Hey everyone,
I’m having a problem using the tuple sketch aggregation with rollup. I reduced it to this minimal case:
One input stream with one field “session” contianing a high cardinality ID and a metric field “value”. Doing this query we can aggregate those in a tuple sketch and use it:
{
"queryType": "timeseries",
"dataSource": {
"type": "table",
"name": "test"
},
"intervals": [
"2000-01-01/2022-01-01"
],
"aggregations": [
{
"type": "arrayOfDoublesSketch",
"name": "session_values",
"fieldName": "session",
"numberOfValues": 1,
"metricColumns": ["value"]
}
],
"postAggregations": [
{
"type": "arrayOfDoublesSketchToString",
"name": "details",
"field": {
"type": "fieldAccess",
"fieldName": "session_values"
}
}
],
"granularity": {
"type": "all"
}
}
But since the input is excedingly large this is quite a slow query. Moving the aggregation to a metric field and enabling rollup does the aggregation upon ingestion, I can see the raw data from rolled up tuple sketch using this scan query:
{
"queryType": "scan",
"dataSource": {
"type": "table",
"name": "test"
},
"intervals": [
"2000-01-01/2022-01-01"
],
"granularity": {
"type": "all"
}
}
But then I can’t use the pre-aggregated tuple sketch.
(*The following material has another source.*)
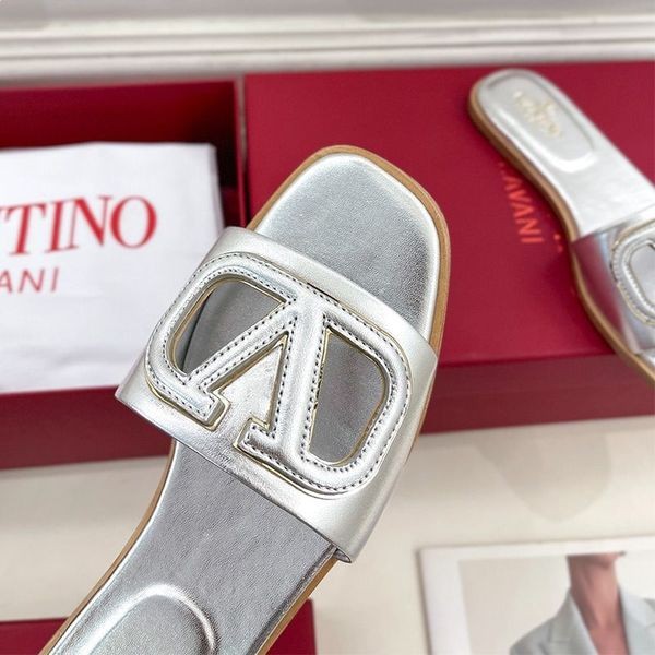 Valentino Vlogo Corte De Diapositivas De Las Mujeres De Piel De Becerro De La Plata-La Plata Valentino Vlogo Corte De Diapositivas.-Vlogo Firma De Corte De Piel De Becerro Detalle Con Espejo-Efecto De Recorte.-Plantilla Con Talón Acolchado Para La Comodidad Adicional.-Las mujeres Tamaño: UE 35, EU 36, de la UE 37 de la UE, 38, UE 39 de la UE, 40, EU 41, 42 de la UE, la UE 43.

I tried this query:
{
"queryType": "timeseries",
"dataSource": {
"type": "table",
"name": "test"
},
"intervals": [
"2000-01-01/2022-01-01"
],
"aggregations": [],
"postAggregations": [
{
"type": "arrayOfDoublesSketchToString",
"name": "details",
"field": {
"type": "fieldAccess",
"fieldName": "tuple_sessions" // Name of the tuple sketch metric
}
}
],
"granularity": {
"type": "all"
}
}
It gives this error:
Missing fields [[tuple_sessions]] for postAggregator [details] at [Source: (org.eclipse.jetty.server.HttpInputOverHTTP); line: 1, column: 332]
I also tried using the exact same query as before in case Druid was able to optimize that on its own, but then the session
field doesn’t exist anymore.
How can we use tuple sketch with rollup?